▶ _Task_
In the records below, find the line containing "Let’s talk about" and the line containing "Marrakesh thee is". Give again exactly those lines and every line between them, omitting the pictures.

▶ _Information_

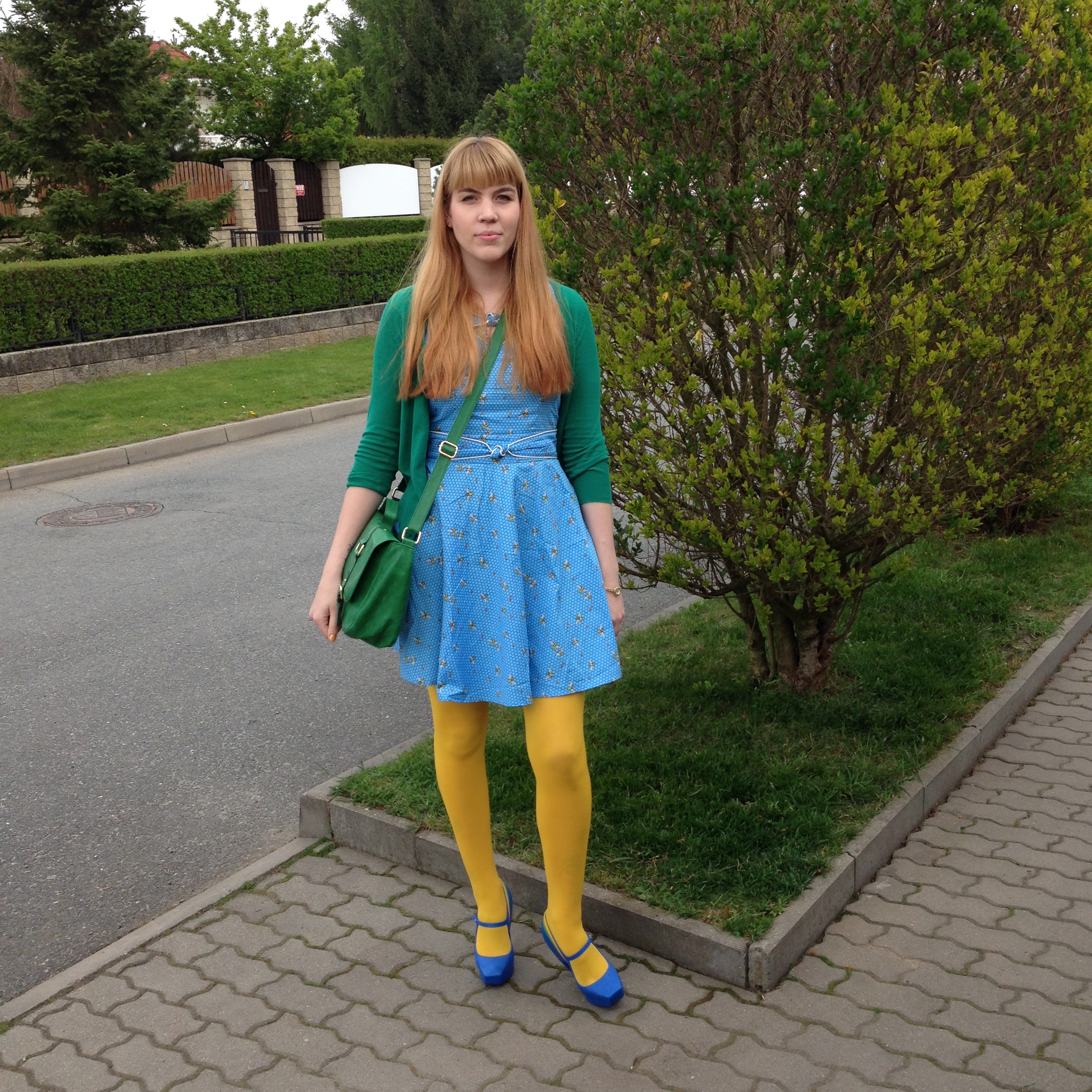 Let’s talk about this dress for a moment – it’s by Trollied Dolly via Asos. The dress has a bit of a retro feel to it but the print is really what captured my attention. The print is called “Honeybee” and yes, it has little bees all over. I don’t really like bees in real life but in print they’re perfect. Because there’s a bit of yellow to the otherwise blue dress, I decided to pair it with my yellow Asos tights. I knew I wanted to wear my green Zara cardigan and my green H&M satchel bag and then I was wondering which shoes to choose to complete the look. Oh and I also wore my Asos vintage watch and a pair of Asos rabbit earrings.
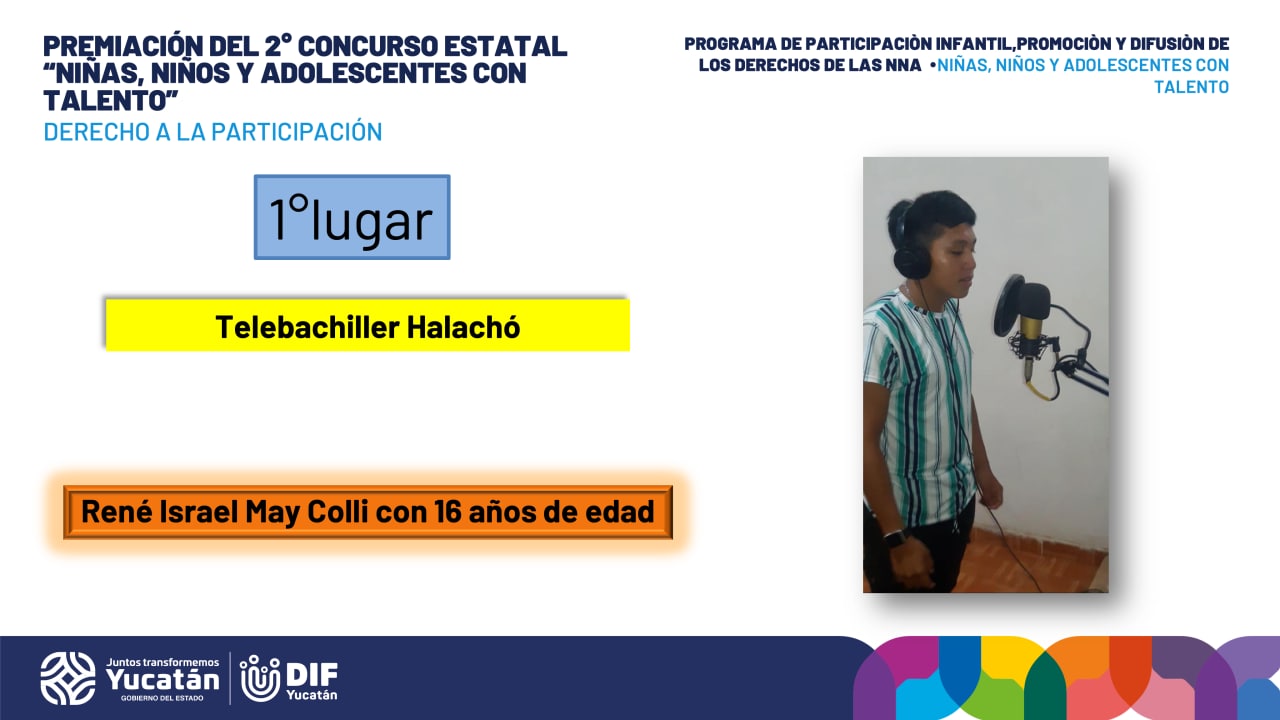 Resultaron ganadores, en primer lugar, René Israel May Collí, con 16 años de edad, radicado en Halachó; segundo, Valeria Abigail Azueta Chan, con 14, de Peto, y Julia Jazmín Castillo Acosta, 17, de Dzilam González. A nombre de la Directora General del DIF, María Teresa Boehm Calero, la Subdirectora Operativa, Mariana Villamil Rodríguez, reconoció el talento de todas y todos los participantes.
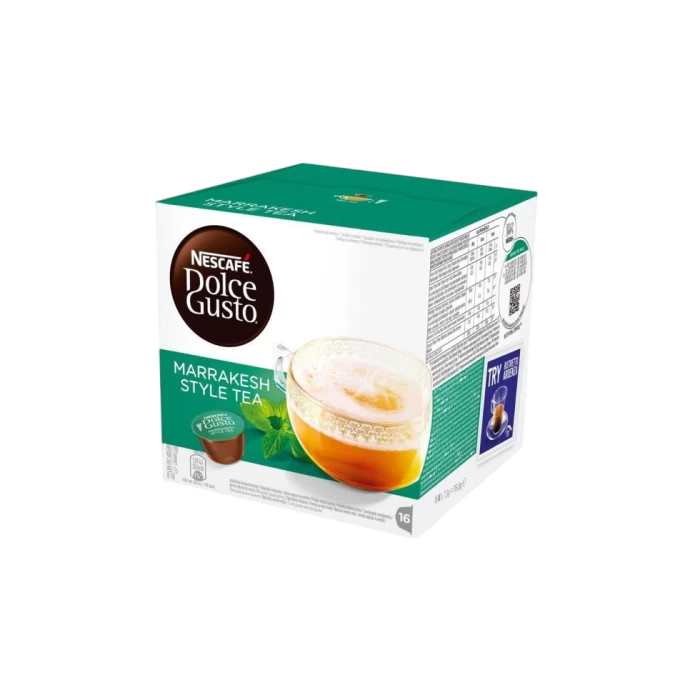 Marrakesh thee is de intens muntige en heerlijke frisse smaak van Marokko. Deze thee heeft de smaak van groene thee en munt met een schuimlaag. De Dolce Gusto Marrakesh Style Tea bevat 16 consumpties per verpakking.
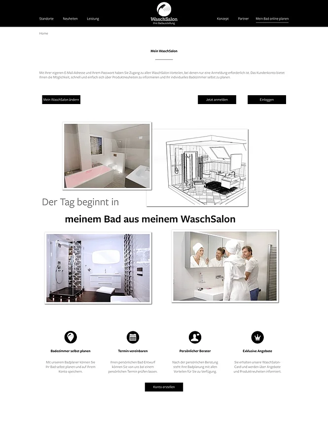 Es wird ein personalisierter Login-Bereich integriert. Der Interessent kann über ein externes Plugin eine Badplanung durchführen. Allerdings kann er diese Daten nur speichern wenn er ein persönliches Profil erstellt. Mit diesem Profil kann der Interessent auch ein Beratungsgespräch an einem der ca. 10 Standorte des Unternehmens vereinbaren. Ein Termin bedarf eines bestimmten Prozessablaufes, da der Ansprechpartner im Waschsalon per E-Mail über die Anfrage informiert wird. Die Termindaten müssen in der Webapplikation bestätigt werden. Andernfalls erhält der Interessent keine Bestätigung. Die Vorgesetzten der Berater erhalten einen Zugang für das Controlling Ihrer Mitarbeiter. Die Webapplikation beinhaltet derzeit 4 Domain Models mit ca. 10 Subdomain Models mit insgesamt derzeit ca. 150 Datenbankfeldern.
==
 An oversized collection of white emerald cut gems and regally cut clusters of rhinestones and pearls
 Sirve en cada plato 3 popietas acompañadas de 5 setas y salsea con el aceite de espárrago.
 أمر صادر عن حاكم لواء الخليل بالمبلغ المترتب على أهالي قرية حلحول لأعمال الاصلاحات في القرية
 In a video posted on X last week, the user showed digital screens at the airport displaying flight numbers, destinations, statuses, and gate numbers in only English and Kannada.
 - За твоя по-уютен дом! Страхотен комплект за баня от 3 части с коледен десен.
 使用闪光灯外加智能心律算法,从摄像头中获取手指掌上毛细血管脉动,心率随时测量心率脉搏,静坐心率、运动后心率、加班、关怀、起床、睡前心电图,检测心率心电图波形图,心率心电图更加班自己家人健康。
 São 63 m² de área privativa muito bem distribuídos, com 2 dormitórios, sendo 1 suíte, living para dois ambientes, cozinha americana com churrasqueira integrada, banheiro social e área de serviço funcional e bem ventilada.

▶ _Result of this task_
 Let’s talk about this dress for a moment – it’s by Trollied Dolly via Asos. The dress has a bit of a retro feel to it but the print is really what captured my attention. The print is called “Honeybee” and yes, it has little bees all over. I don’t really like bees in real life but in print they’re perfect. Because there’s a bit of yellow to the otherwise blue dress, I decided to pair it with my yellow Asos tights. I knew I wanted to wear my green Zara cardigan and my green H&M satchel bag and then I was wondering which shoes to choose to complete the look. Oh and I also wore my Asos vintage watch and a pair of Asos rabbit earrings.
 Resultaron ganadores, en primer lugar, René Israel May Collí, con 16 años de edad, radicado en Halachó; segundo, Valeria Abigail Azueta Chan, con 14, de Peto, y Julia Jazmín Castillo Acosta, 17, de Dzilam González. A nombre de la Directora General del DIF, María Teresa Boehm Calero, la Subdirectora Operativa, Mariana Villamil Rodríguez, reconoció el talento de todas y todos los participantes.
 Marrakesh thee is de intens muntige en heerlijke frisse smaak van Marokko. Deze thee heeft de smaak van groene thee en munt met een schuimlaag. De Dolce Gusto Marrakesh Style Tea bevat 16 consumpties per verpakking.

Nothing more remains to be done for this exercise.